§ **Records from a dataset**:
=== Section Start ===

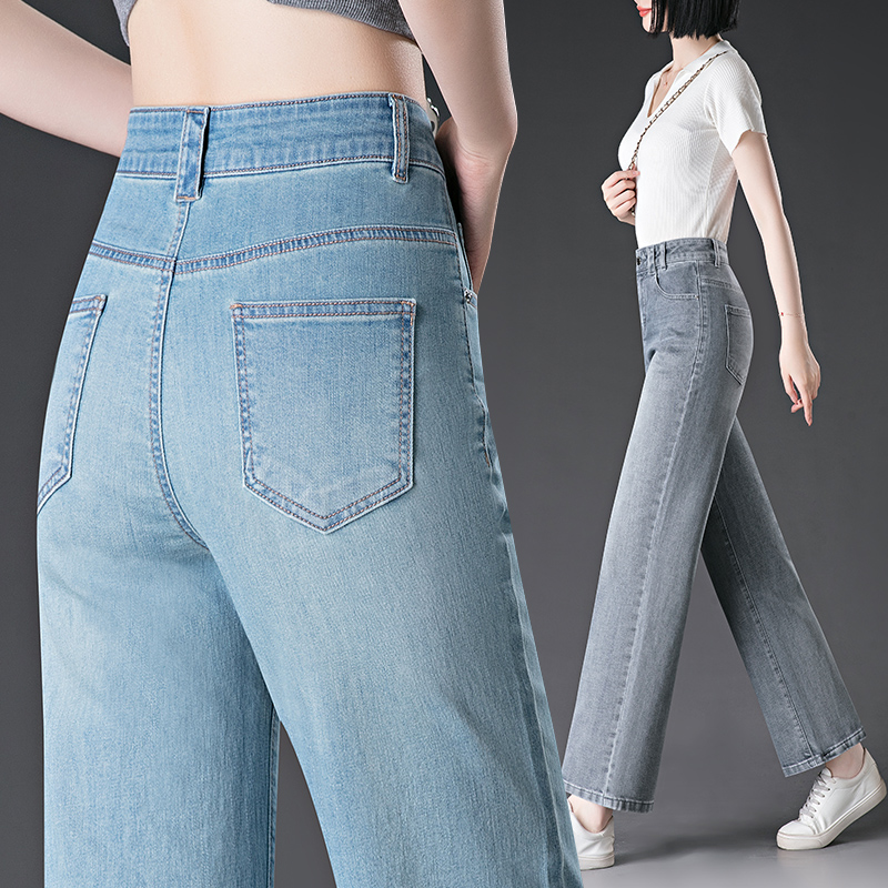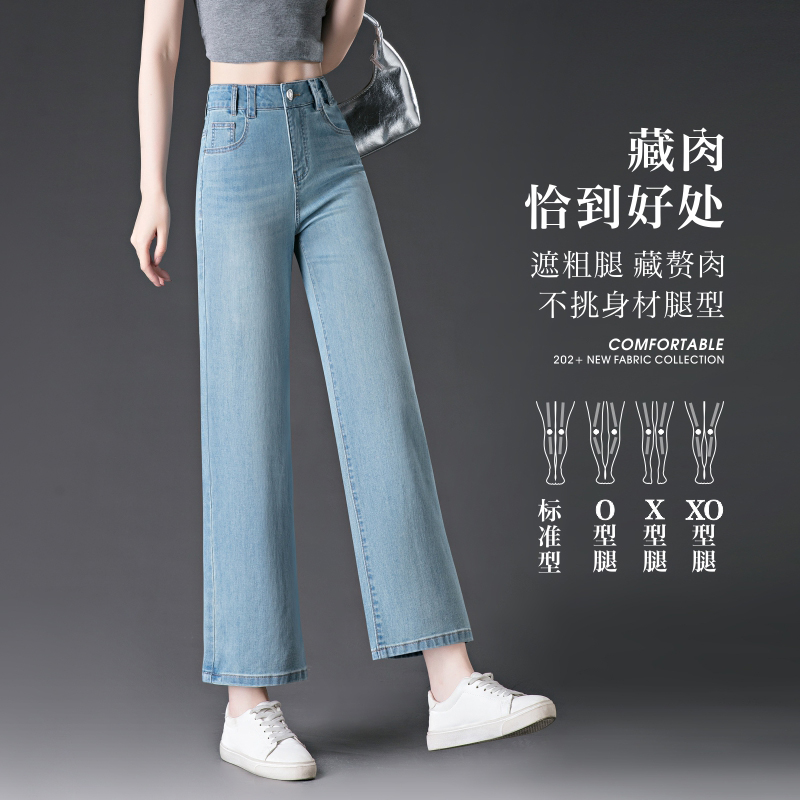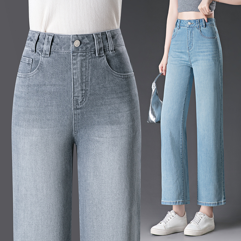 九分直筒牛仔裤女夏季薄款2025新款小个子显瘦高腰宽松窄版阔腿裤
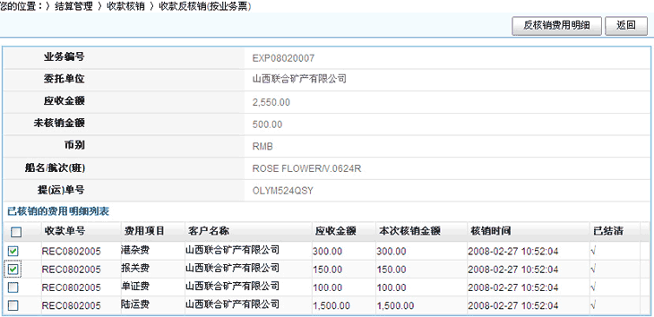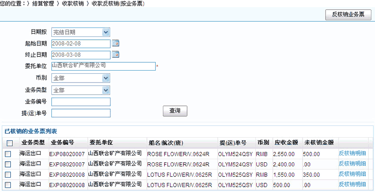 输入委托单位(必填)等查询条件后按【查询】按钮,列表会显示出符合查询条件的业务记录,选择一条或多条记录按【反核销业务票】按钮, 即完成了按业务票反核销操作。您也可以反核销这票业务的应收明细,点击反核销明细超链接进入明细反核销页面:
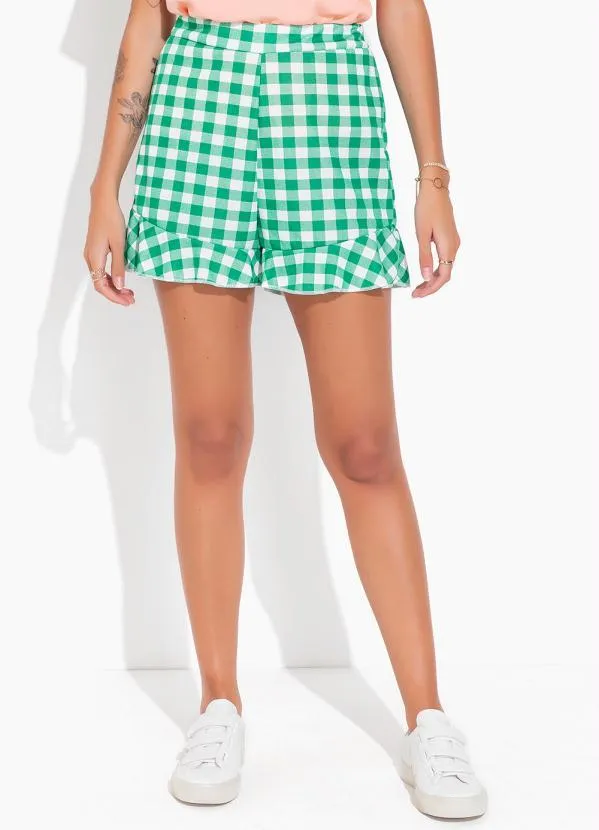 Moda Pop - Short Xadrez com Babado e Cintura Alta
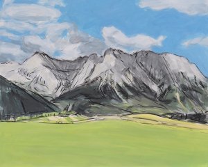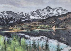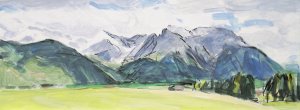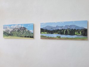 Anlass der Bildreihe waren mehrere Reisen ins Voralpenland in den vergangenen Jahren. Aus den dort entstandenen Fotos sind Motivreihen entstanden, die mich zu einer intensiveren Auseinandersetzung in dem Medium Malerei angeregt haben. Die Kontraste zwischen flachen bis hügeligen Landschaftsteilen, steil aufragenden Bergketten und zahlreichen Seen bieten viele Anregungen zu kontrastreichen und in ihrem Charakter gegensätzlichen Bildstrukturen, die durch unterschiedliche Witterungsverhältnisse (Wolkenschatten auf Berghängen!) noch verstärkt werden.
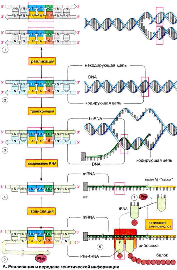 Транскрипция. Для экспрессии гена, т.е. синтеза закодированных в нем белков, последовательность нуклеотидов кодирующей цепи ДНК должна быть трансформирована в аминокислотную последовательность. Поскольку ДНК не принимает непосредственного участия в синтезе белка, информация, хранящаяся в ядре, должна быть перенесена на рибосомы, где собственно и осуществляется биосинтез белков. Для этого соответствующий участок кодирующей цепи ДНК считывается (транскрибируется) с образованием гетерогенной ядерной РНК [гяРНК (hnRNA)], т. е. последовательность этой РНК комплементарна кодирующей цепи ДНК (3; см. с. 90). Поскольку в РНК вместо тимина содержится урацил (см с. 86), AAG триплет ДНК трансформируется в UUC-кодон гяРНК.

=== Section End ===

§ **WHAT IS EXPECTED**:
Reproduce, word for word, only the lines in the records above from the line with "输入委托单位(必填)等查询条" through the line with "Moda Pop - Short", including both ends; omit the pictures.

§ **ANSWER TO THE PROBLEM**:
 输入委托单位(必填)等查询条件后按【查询】按钮,列表会显示出符合查询条件的业务记录,选择一条或多条记录按【反核销业务票】按钮, 即完成了按业务票反核销操作。您也可以反核销这票业务的应收明细,点击反核销明细超链接进入明细反核销页面:
 Moda Pop - Short Xadrez com Babado e Cintura Alta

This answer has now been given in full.